= Samuel Thompson (newspaper editor) =

Samuel Thompson (August 27, 1810 - July 8, 1886) was a Canadian businessman and newspaper editor.

==Early years==
Samuel Thompson was born in London, England on August 27, 1810. He completed an apprenticeship with a printer, then went to Upper Canada in 1833 with his two brothers and settled on farms there. In 1837, he went to Toronto in search of work. He joined the city guards during the Upper Canada Rebellion.

==Career==
He managed a newspaper for Charles Fothergill and then became a partner with booksellers William and Henry Rowsell, managing their printing operation. In 1848, he became editor for the Toronto Patriot, owned by Edward George O'Brien. In 1849, with Ogle Robert Gowan, he took over the operation of the paper. They also published the United Empire. After the partnership ended in 1853, with partners, he bought the British Colonist (Note: Not to be confused with the British Columbian newspaper of the same name.) from Hugh Scobie's widow, which had briefly been named The Scotsman when it first appeared on February 1, 1838. In 1858, Thompson sold this paper and set up his own called the Atlas; later that same year, he bought the Colonist back.

Thompson had also served on Toronto city council from 1849 to 1854. He won the contract for government printing and so moved to Quebec City in 1859. After being accused of bias against French Canadians, he went back to Toronto in 1860.
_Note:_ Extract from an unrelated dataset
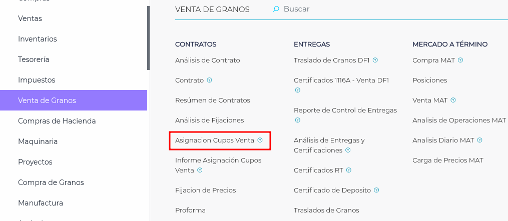 - Desde el Menú Desplegable → Gestión Empresarial → Venta de Granos → Asignación de cupos venta:

He served as managing director for the Beaver Mutual Fire Insurance Association from 1860 to 1876, when it was forced to close because of a new requirement for insurance companies to provide a large security deposit to the government. Left in a difficult financial situation at the age of 66, he became manager for a branch of the city library.

==Memoir==
In 1884, he published Reminiscences of a Canadian pioneer : for the last fifty years, 1833–1883 : an autobiography.

==Death==
He died in Toronto on July 8, 1886.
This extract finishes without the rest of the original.